By NHI Mgmt Group Editorial TeamPublished 2026-07-07Domain: EventsSource: 1Password

TL;DR: AI token usage is creating spend and governance blind spots that finance, IT, and security teams cannot reconcile with existing tools, according to 1Password. The real issue is not just cost tracking, but the absence of a shared control model for who can consume AI, how usage is attributed, and what gets governed.


At a glance

What this is: This is a webinar about AI spend governance, with the central finding that token usage is exposing control and attribution gaps across finance, IT, and security.

Why it matters: It matters because identity and access teams increasingly need to govern who can use AI systems, how consumption is attributed, and which controls prevent unmanaged usage from becoming a security and cost problem.

👉 Register for 1Password's live webinar on AI spend and governance


Context

AI token consumption has become a governance problem because usage is often distributed across multiple tools, making cost attribution and control ownership unclear. In practice, that means finance sees the bill, IT sees fragments of activity, and security is left trying to determine whether the spend reflects approved access or unmanaged use.

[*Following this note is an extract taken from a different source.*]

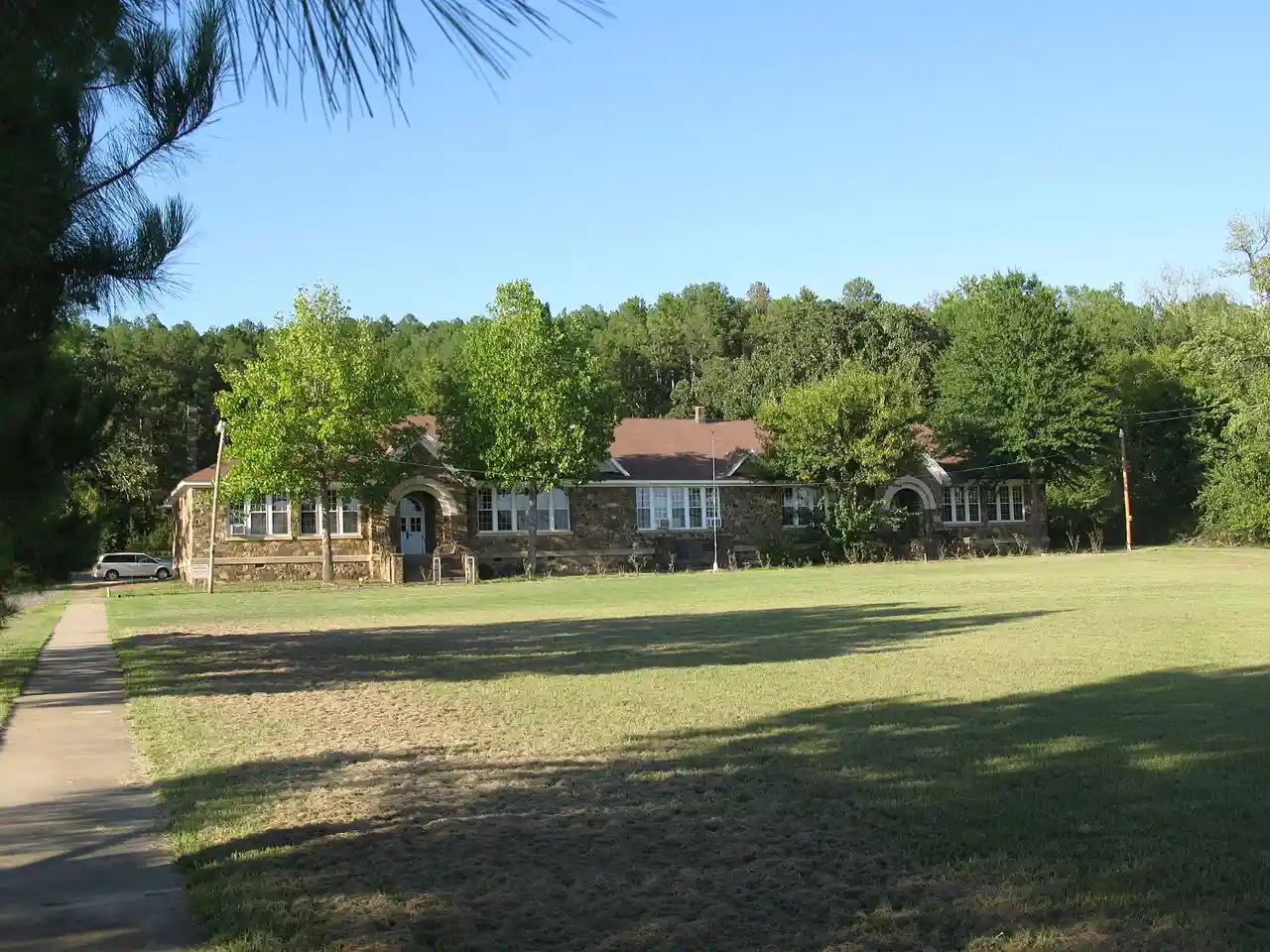 The Parks School is a historic former school building just north of Arkansas Highway 28 in the center of Parks, Arkansas. It is a single-story fieldstone structure, with a gable-on-hip roof, and several small gabled dormers on the long (south-facing) front facade. Two entrances are set in round-arch openings with keystones. The building has retained most of its original windows, doors, and other original hardware. It was built in 1940 with funding from the Works Progress Administration, and served as a school into the 1960s. It is now a local senior center. Read more on Wikipedia

For identity practitioners, the underlying issue is not just AI spend. It is the lack of an identity control plane that can tie AI usage to accountable users, systems, and policies across human access, non-human identities, and emerging agentic workflows.


Key questions

Q: How should teams govern AI consumption when spend is spread across multiple tools?

A: Start by assigning one control owner for AI consumption governance and require shared evidence from finance, IT, and security. Then map usage back to the identity or workflow that generated it so spend, access, and accountability stay linked. Without that join, AI usage becomes visible only as a cost, not as governed behaviour.

Q: Why do existing IAM tools miss AI spend and usage risk?

A: Most IAM controls can show whether an identity can access an AI-enabled service, but they do not always show token consumption, workflow context, or whether the use was expected. That leaves a gap between access and consumption. The result is blind spending, weak attribution, and limited accountability.

Q: What breaks when AI usage is only managed by finance teams?

A: Finance can see the bill, but it usually cannot determine which identity, application, or workflow generated the usage. That means approved use, accidental use, and unmanaged use can look the same. Governance fails when cost control is disconnected from identity control and there is no operational owner for exceptions.

Q: How can organisations tell whether AI consumption is actually under control?

A: Look for three signals: usage tied to accountable identities, clear approval paths for exceptions, and reporting that separates normal workflow consumption from unexpected spikes. If those three signals are missing, the organisation may be paying for AI without governing it. The real test is whether usage can be explained, not just billed.


Background and context

AI token usage governance and cost attribution

AI token usage is the consumption layer that many organisations do not yet govern like an identity-controlled asset. When usage is spread across SaaS applications, embedded copilots, APIs, and internal tools, the organisation loses a reliable record of who initiated the action, which identity paid for it, and whether the usage was authorised. That creates a governance gap between financial control and access control. Identity teams usually manage entitlement, while finance manages spend, but AI consumption cuts across both domains.

Practical implication: align AI consumption reporting to the identities and applications that generate usage, not only to the invoice.

Why existing tools miss AI spend signals

Most existing controls were built to see access, not consumption. IAM, SSO, and even many SaaS management tools can tell you that a user or service account can reach an AI-enabled platform, but not necessarily how much token activity occurred, which workflow triggered it, or whether the usage is routine, accidental, or excessive. That distinction matters because AI spend can escalate without any traditional access anomaly. In other words, the control gap is telemetry quality, not simply budget oversight.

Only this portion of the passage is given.